In the Name of Identity: Violence and the Need to Belong
- Original edition; cover art: "Cain slaying Abel" by Peter Paul Rubens
- Original title: Les Identités Meurtrières
- Translator: Barbara Bray
- Language: French
- Published: 1998 (B. Grasset)
- Published in English: 2001 (Time-Warner)
- ISBN: 2-246-54881-0 French
- OCLC: 46937451

= In the Name of Identity =

1998 novel by Amin Maalouf

In the Name of Identity: Violence and the Need to Belong (French: Les Identités Meurtrières) is a 1998 book by Amin Maalouf, in which he discusses the identity crisis that Arabs have experienced since the establishment of continuous relationships with the west, adding his personal dimension as a Lebanese Christian.

This work is divided into five major chapters, "Identity and Belonging", "When Modernity Comes From the Other", "The Era of Cosmic Tribals", "Taming the Shrew" and a glossary. He begins with universal values of identity, which he dissects, describes the extremes, then applies them to the Levant.
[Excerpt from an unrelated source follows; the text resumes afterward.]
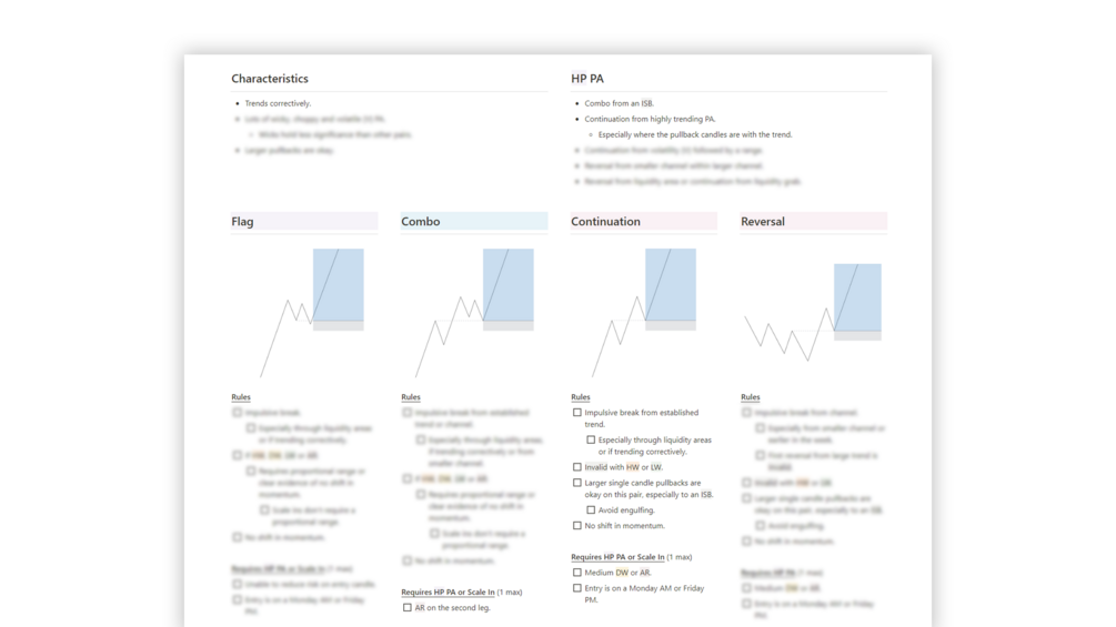 - Unique checklists for my 6 currency pairs.

He attempts to describe how the average modern Arab feels, along a wide spectrum of ideologies in practice throughout the Arab world...from religious beliefs and traditional practices to total secularism.

The book is intended for both Arabs and Westerners (as well as for people with mixed heritage), and also sheds light on recent events in the Arab world, from civil wars to relations with the west.